Mais la vie associative ? Pour beaucoup de jeunes, c'est malheureusement tout sauf branché. Des demandes d'adhésion ? Réunions du conseil d'administration ? Des heures de travail sur le ponton ? Cela en décourage plus d'un. Surtout la jeune génération Z, à qui l'on reproche souvent de ne guère vouloir être performante, de ne plus vouloir prendre d'engagements et de ne pas s'engager suffisamment. De nombreux clubs se plaignent du vieillissement et du manque de relève. Les sections de jeunes se réduisent comme peau de chagrin, le bateau de l'association n'est plus utilisé que sporadiquement et pour le prochain président... personne ne se présente. La "génération dorée", celle qui a tout construit, vieillit - et parfois se fatigue un peu.
La lassitude vis-à-vis des associations en Allemagne n'est toutefois pas un phénomène totalement nouveau. "Chaque Allemand dans deux associations : Cette formule traditionnelle n'est plus valable", écrit la Fondation pour les questions d'avenir. Alors qu'en 1990, 62 pour cent des citoyens allemands étaient encore membres d'une association, ils ne sont plus que 44 pour cent aujourd'hui. L'homme de loisirs moderne veut rester indépendant. Ce sont surtout les citadins qui sont fatigués des associations.
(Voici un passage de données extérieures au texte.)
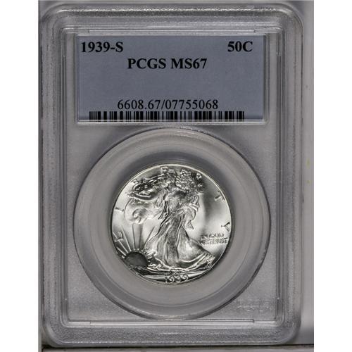 <B>1939-S<50C> MS67 PCGS.</B></I> This is a remarkable Superb Gem example with frosty surfaces. Both sides have fully brilliant silver luster. Population: 75 in 67, 0 finer (5/06).

Pour beaucoup, le fait d'être membre d'une association est considéré comme un comportement bourgeois et provincial.
Les clubs de voile occupent une place particulière dans le paysage associatif. Par rapport aux clubs de quilles ou de tir, ils doivent moins lutter contre une image poussiéreuse que, malheureusement, contre l'idée élitiste d'un club. Et malheureusement, la réalité est que les prix des places d'amarrage augmentent. Le bénévolat devient plus bureaucratique et de nombreuses familles n'ont tout simplement plus les moyens de faire de la voile - ou ne savent même pas qu'il est possible de faire de la voile à moindre coût et sans avoir son propre bateau - précisément dans un club.
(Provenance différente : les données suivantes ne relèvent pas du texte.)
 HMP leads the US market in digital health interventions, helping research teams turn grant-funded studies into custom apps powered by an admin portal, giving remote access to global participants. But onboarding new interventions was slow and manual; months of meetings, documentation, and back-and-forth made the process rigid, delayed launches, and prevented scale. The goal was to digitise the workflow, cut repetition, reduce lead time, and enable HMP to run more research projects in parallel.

Les gens ont aujourd'hui beaucoup plus de temps libre qu'il y a 50 ans. Mais l'augmentation du temps libre et de l'offre ne fait que les inciter à pratiquer des activités plus individuelles et plus spontanées. Essayer le SUP cet été, le kitesurf l'année prochaine et peut-être la voile l'année d'après - ne pas s'engager, telle semble être la devise.
C'est pourtant ce qui serait si précieux aujourd'hui : un engagement contraignant, une communauté de soutien, un échange intergénérationnel. Tout cela, qui est devenu rare dans notre monde rapide et souvent solitaire, se trouve encore dans les clubs de voile.
100 ans - il n'est pas étonnant qu'un peu de poussière se soit accumulée dans l'un ou l'autre coin. Peut-être que certaines célébrations d'anniversaire seront l'occasion d'un grand nettoyage. Les clubs de voile doivent changer sans se tordre. Beaucoup le font déjà activement. Une communication moderne, des modèles d'adhésion à bas seuil et des offres d'initiation permettent de toucher de nouveaux groupes cibles. Des coopérations avec des écoles, des institutions sociales ou des projets environnementaux permettent d'assurer la relève.
La solution ne peut toutefois pas consister uniquement à supprimer les heures obligatoires et à proposer une participation sporadique plutôt qu'une adhésion obligatoire. Le terme "associatif" désigne de manière péjorative quelqu'un qui s'engage "trop" dans son association. Peut-être faudrait-il donc dépoussiérer le bénévolat en lui-même : plus de plaisir à participer. Des projets plutôt que des postes. Partager les responsabilités au lieu de les faire peser sur quelques épaules. L'avenir des clubs de voile se décide avant tout grâce à des personnes prêtes à faire plus que distribuer des likes - mais peut-être aussi à balayer le club house de temps en temps.